While the previous image contains many straight lines, the next one has none:


For whatever reason, I didn’t photograph the graffiti visible on the right of the previous image.

The next graffito reminds me of Chinese writing. It doesn’t look remotely like Chinese writing, but there are stylistic quirks that lead me to believe that the artist may be Chinese:


The next image is stylistically very similar to the last image in this report—jagged outline; red and yellow as main colours—and may therefore have been painted by the same artist. See what you think:


When I first saw the next graffito, I thought that it was a pity that the paint had run in a few places. However, notice that these ‘few places’ are all at the bottom of internal gaps in the lettering, from which I conclude that the running paint is a deliberate act by the artist. In fact, running paint is a recurring motif, the most obvious example of which I will flag up when I come to it.


In fact, you will see that stylized paint drops have been included in the next design:


The next image includes the most complex backdrop, but it’s also unusual because there are no curves in the main design, with the possible exception of the head of the insect on the right:


…and now for something completely different:


This image is more like an abstract painting than an example of graffiti. I’ve included what I take to be the artist’s signature on the left.

Calling occupants of interplanetary craft:


If you’re not convinced that graffiti artists deliberately include the dribbling of paint in their work, take a closer look at this image, where, inter alia, paint is seen running across the surface of three-dimensional objects.

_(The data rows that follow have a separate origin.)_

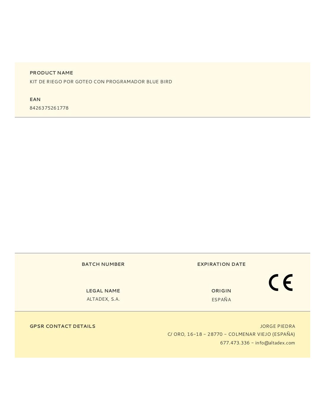 Kit de riego por goteo con programador blue bird 25m de tuberia de polietileno de 16mm. 15m de microtubo de 4mm. programador de grifo a1390. adaptador de grifo rosca hembra 3/4" 4mm. reductor de presión 3/4". filtro de anilla. 15 uniones de 4mm. 10 tapones de 4mm. 1 te de 16mm. 2 tapones de 16mm 15 piquetas soporte. 50 goteros desmontables 4 l/h. punzon. presión de trabajo 0.7-1.7 bar. permite el riego de hasta 50 plantas de forma autonoma. se puede ampliar en cualquier momento con cualquier producto adicional. ideales para regar huertos, flores, setos... el goteo ofrece mayor precisión de riego que una manguera o un aspersor y mucho menor consumo de agua. las plantas crecerán más saludables. reduce las malas hierbas de su alrededor.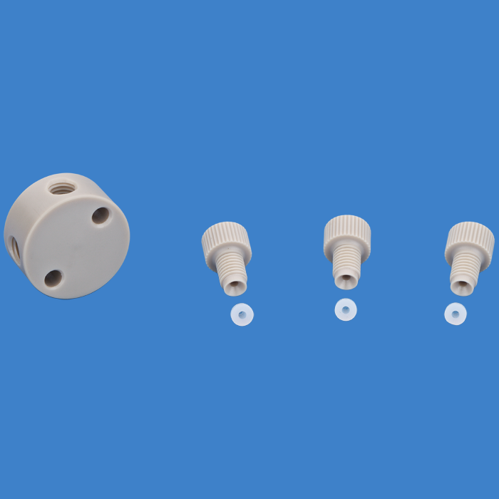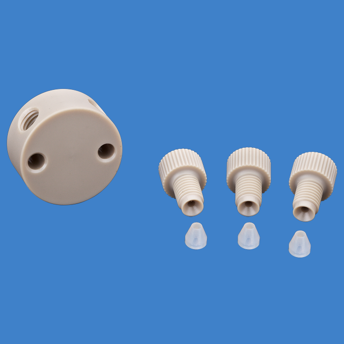 This all-PEEK set of one union and three finger tight fittings and 3 matching, polyethylene conical ferrules making a standard pilot length, allowing you to connect three pieces of low pressure, 1/16th tubing.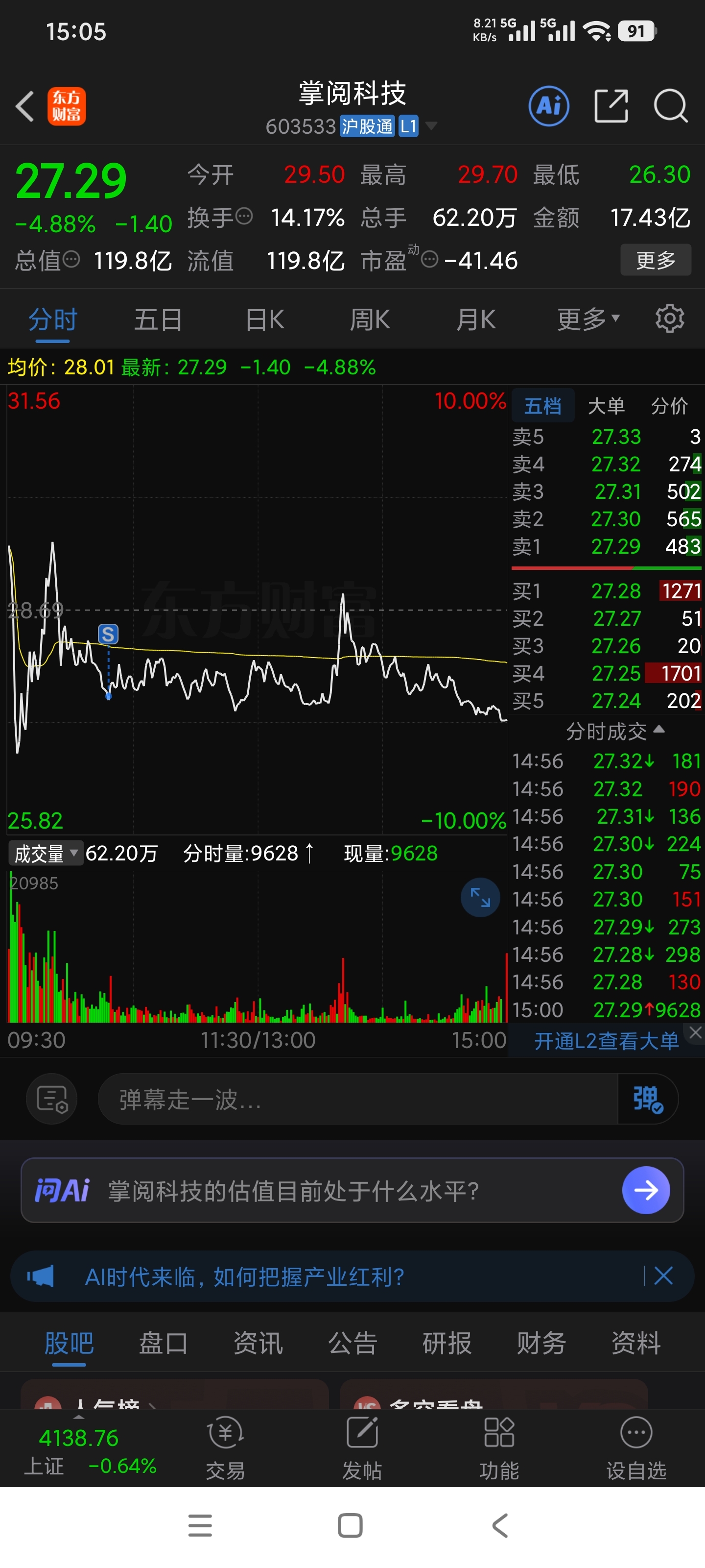 $掌阅科技(SH603533)$ 一个涨停都没有,真拉……浪费时间还好吃十几个点走的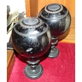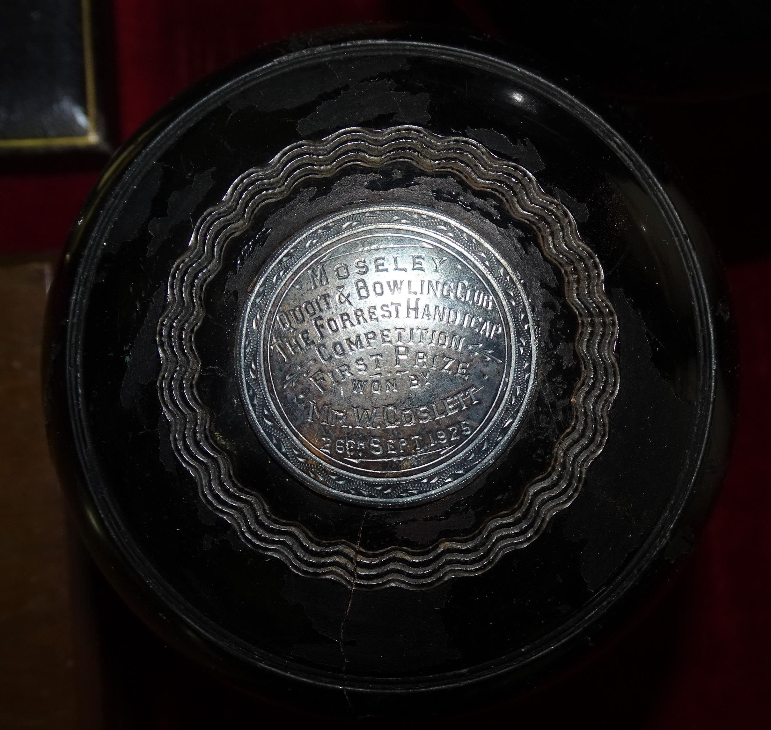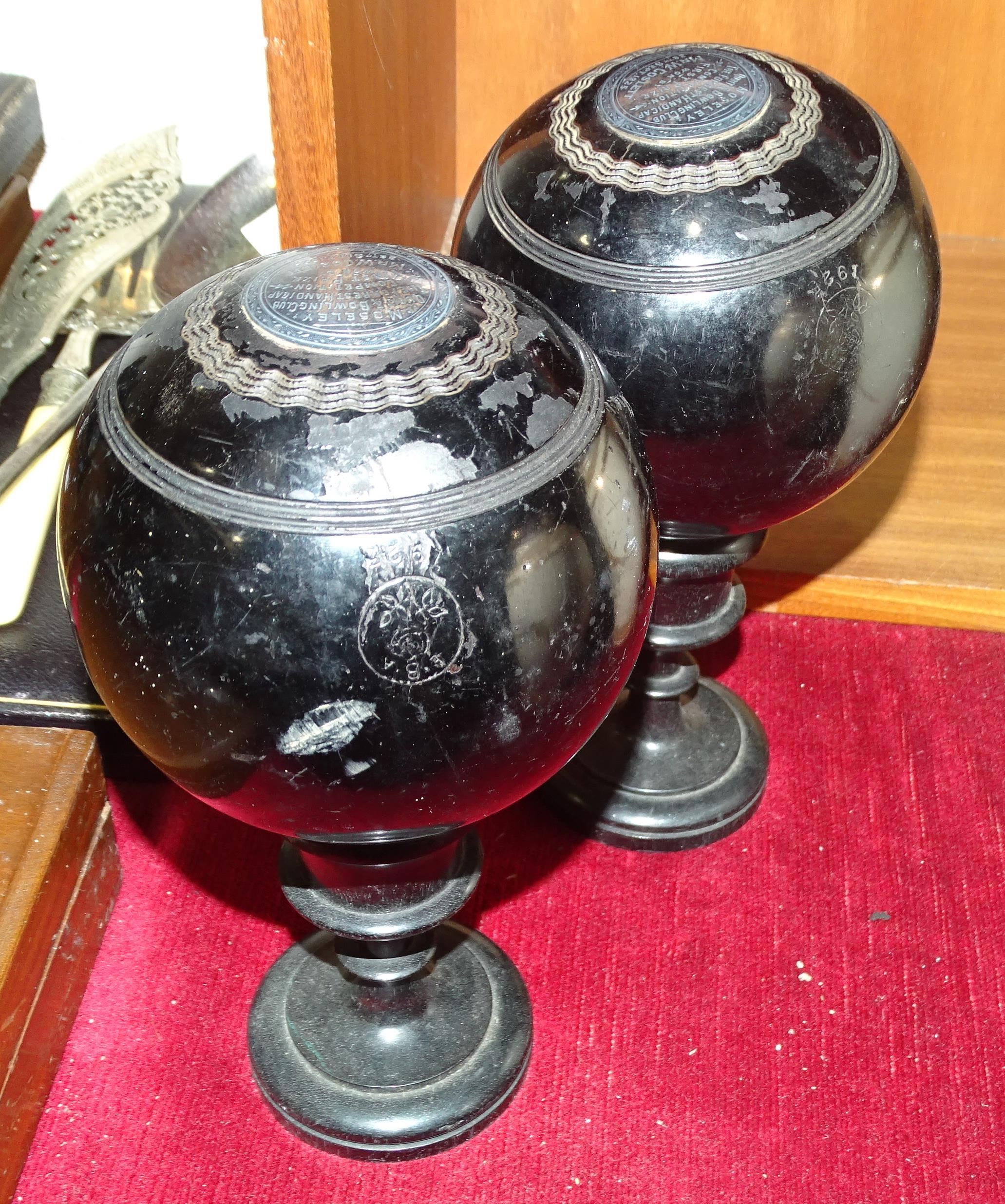 A pair of ebony bowling woods by R G Lawrie, Glasgow, each with white metal presentation plaque for 1925, on ebony stands, (2).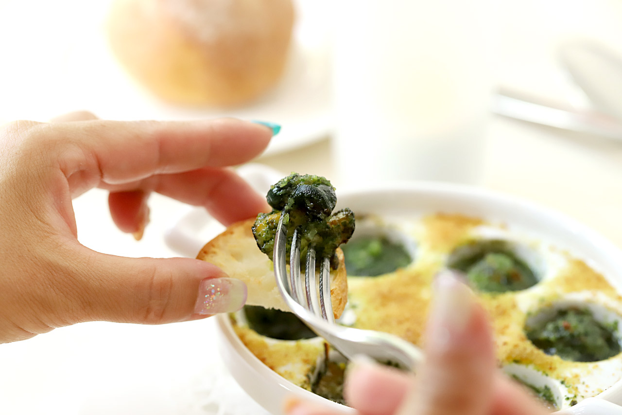 温かい前菜には、サザエのブルギニョンバター焼きを。ニンニクとパセリが香るバターたっぷりのソースで、サザエを肝とともに味わう。ほのかな苦みと旨味がコク深く広がっていく。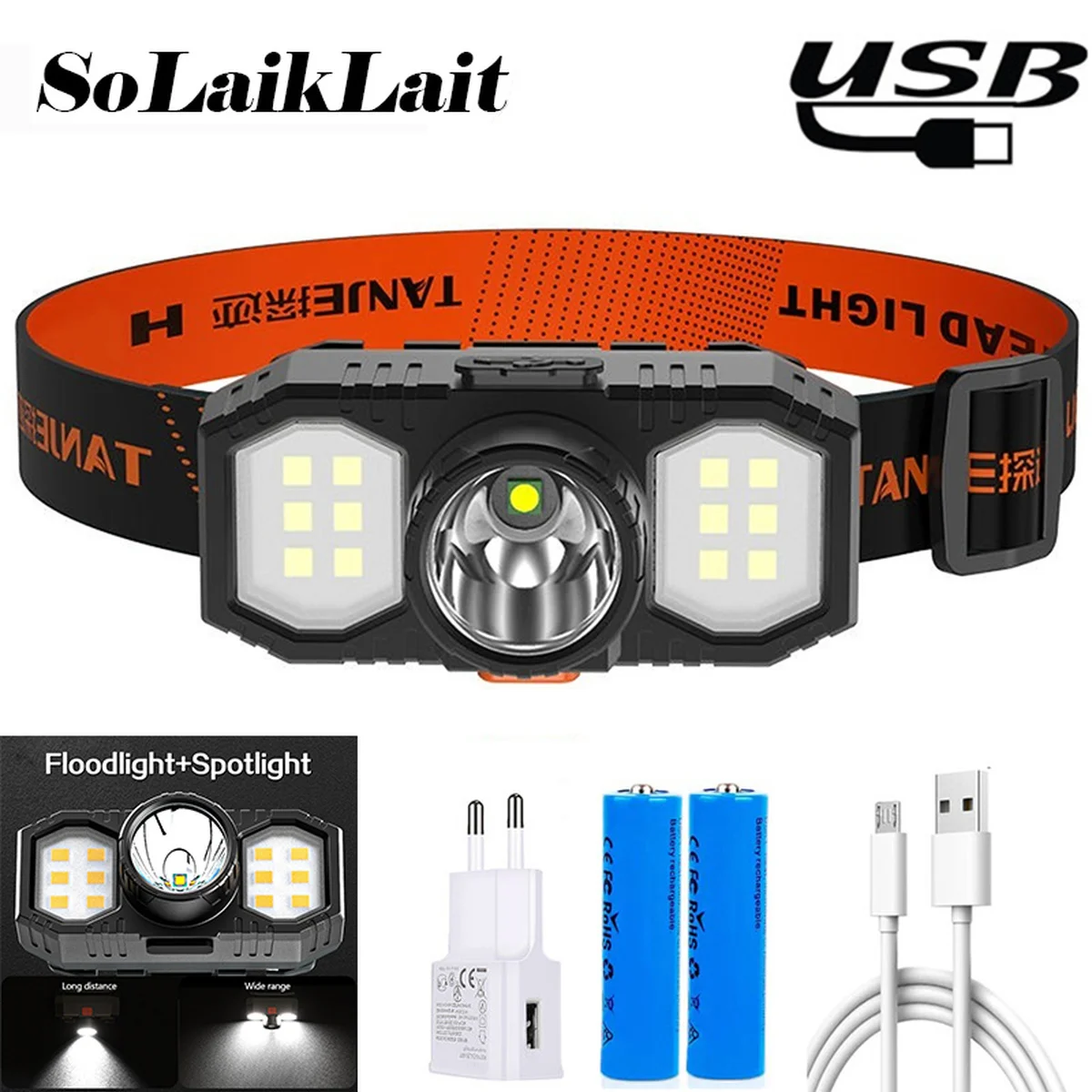 Портативный светодиодный налобный фонарь T6 с зарядкой от USB, Ультраяркий поисковый светильник для ночной рыбалки, фонарик на голову с аккумулятором 18650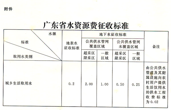 附件:廣東省水資源費(fèi)征收標(biāo)準(zhǔn)
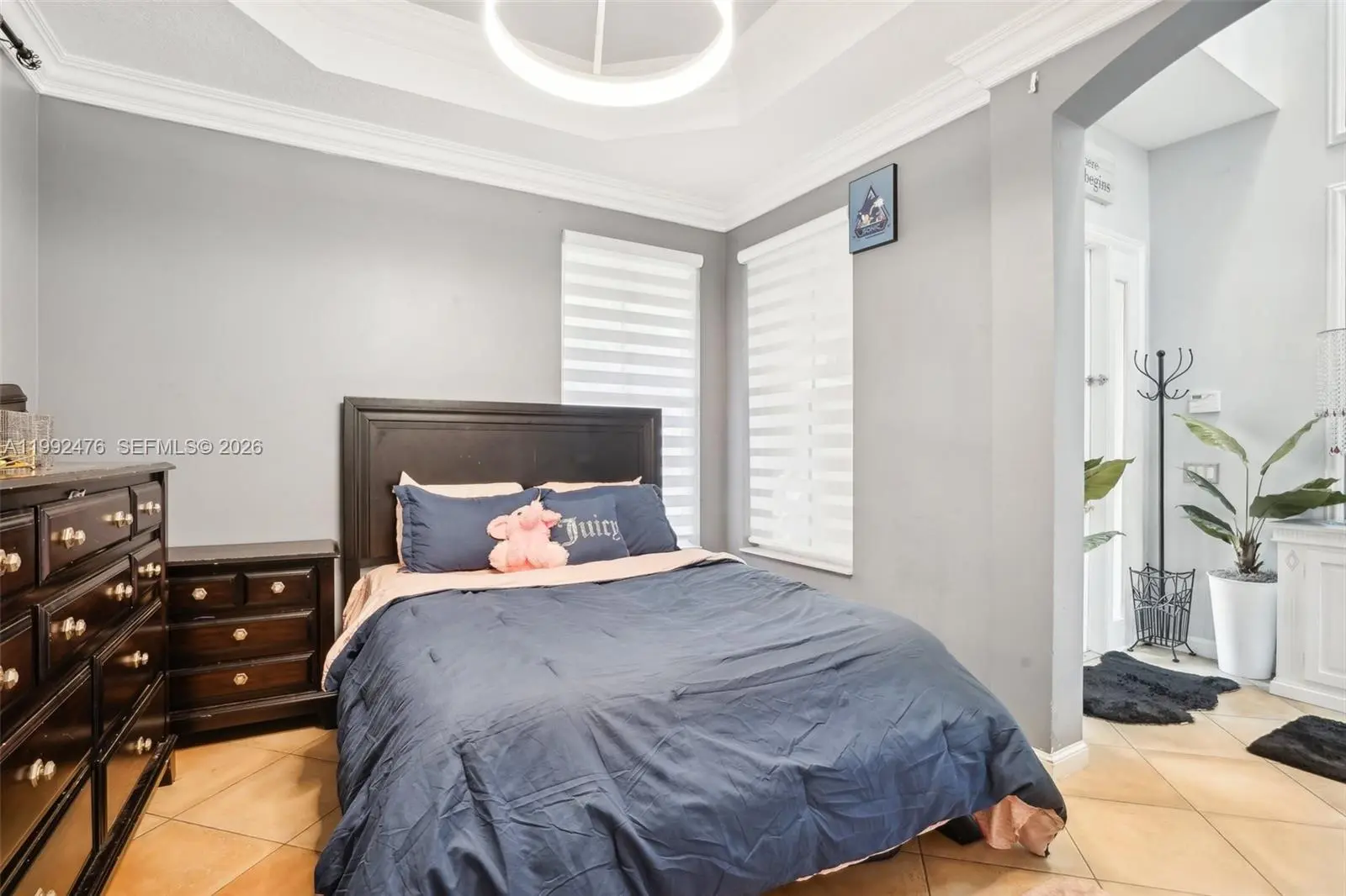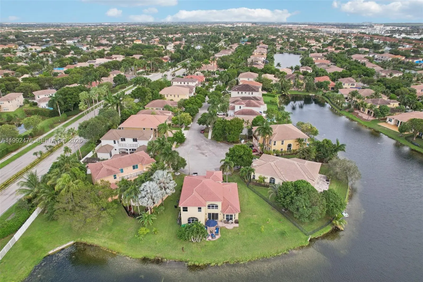 Experience luxury waterfront living in this exceptional two-story residence located in the highly sought after Biltmore Estates. Originally designed as a model home by Lowell Homes, this impressive 4-bedroom, 3.5-bath property showcases elegance and thoughtful design throughout. The spacious open floor plan is enhanced by soaring ceilings, crown molding, custom built-ins, a stylish wet bar, and a formal banquet area perfect for entertaining. The property features formal living and dining areas in addition to a huge family room and office. The expansive eat-in kitchen offers ample space for cooking and gathering, with custom cabinetry, gold granite countertops & new high end appliances. The Large first-floor primary suite provides a private retreat with dual vanities, a soaking tub, and a separate walk-in shower. Upstairs, a second primary suite features its own balcony, In addition there are another 2 large bedrooms adding flexibility and comfort for guests or extended family. Situated on an oversized cul-de-sac lot, the home offers breathtaking lake views from the backyard, creating a serene outdoor setting. Additional highlights include a two-car garage, separate laundry room and low HOA fees. Residents enjoy access to resort-style amenities such as a pool, tennis courts, fitness center, and playground. Conveniently located near top-rated schools, shopping, dining, and major highways, this home perfectly combines luxury, comfort and convenience in a Top gated Community.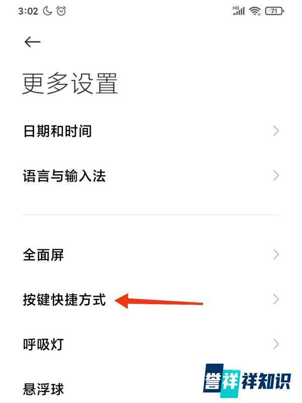 第二、进入按键快捷方式页面在“更多设置”页面中,找到并点击“按键快捷方式”选项,进入快捷操作配置界面。
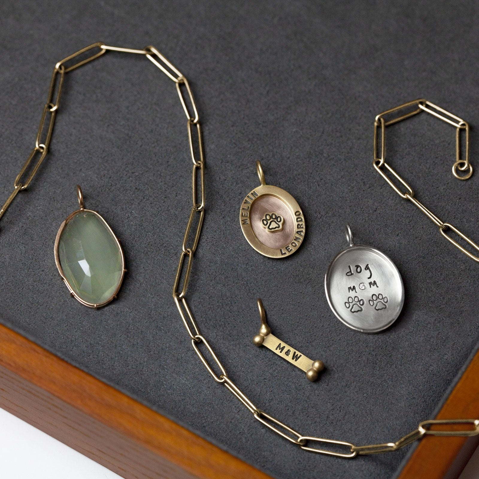Experience the beauty of a handmade sterling silver charm personalized with your pup's name. Unmatched craftsmanship turns your precious pet's name into a luxurious piece of jewelry that you can wear close to your heart.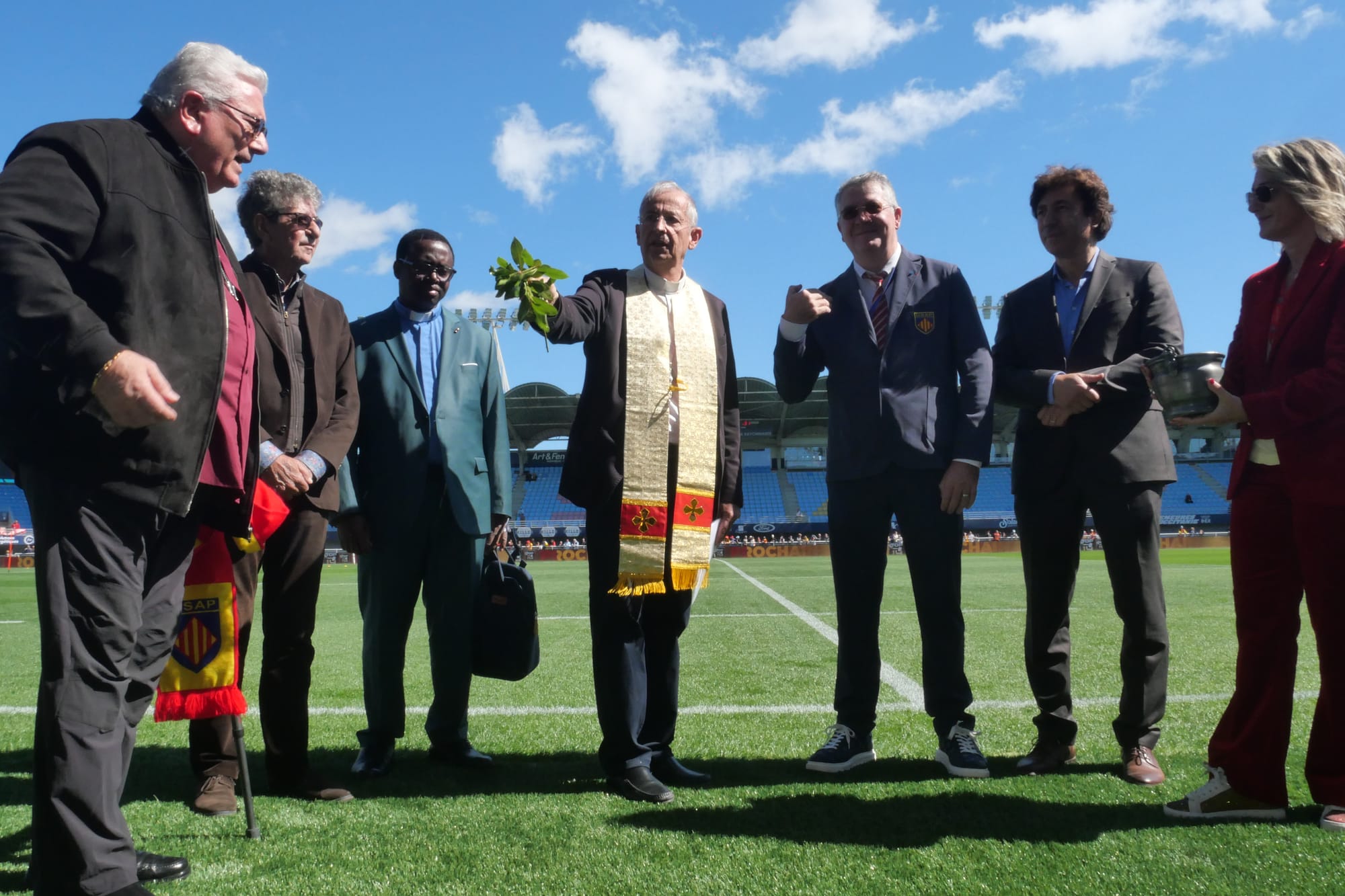 Ce samedi 29 septembre, à la demande de ses dirigeants, Monseigneur Thierry Scherrer, Évêque du diocèse Perpignan-Elne, a procédé à la bénédiction de la nouvelle pelouse du stade Aimé Giral, quelques minutes seulement avant que l'Usap ne l'emporte brillamment contre la redoutable équipe de Clermont-Ferrand 33 à 3 !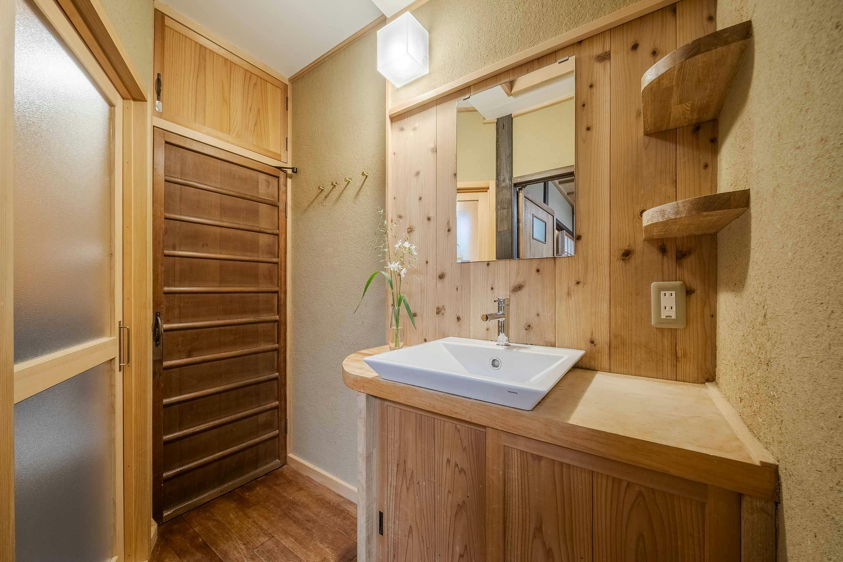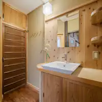 การตกแต่งภายในเลือกไม่ใช้กรอบหน้าต่างสมัยใหม่ แต่ผสานประตูกระจกกรอบไม้แบบดั้งเดิมเข้ากับบานโชจิ ผนังดินของห้องพักหลักนำดินจากผนังเก่ามาใช้ซ้ำ และฉาบปิดผิวด้วยเคียวโดะชูนูริ ให้ความสะดวกสบายและการใช้งานที่ทันสมัย พร้อมบรรยากาศอบอุ่นที่โอบล้อมด้วยผนังดินและไม้

I didn’t realize at the time—although I should have, given the uniform blue background—that the next image is part of the same graffito. I think it spells ‘alien’:


The immediately adjacent image is a return to basic lettering, although I must say that it has been done effectively. I’ve been amusing myself by trying to work out in what order the colours were applied, but the only thing I can say with certainty is that white was last.


There is a wide gap in the fence between the previous and the next image:


I spotted the blue face with the yellow cap in half a dozen other locations, not including this one:


Both graffiti in the next photo feature running paint, but the graffito on the right is probably the most ‘fluid’ in this entire collection:


The next graffito is unusual in that the outlines are defined by wavy rather than straight or uniformly curved lines:


The red lines in the next image remind me of the trace of an electrocardiograph. I wonder if that was the artist’s intention.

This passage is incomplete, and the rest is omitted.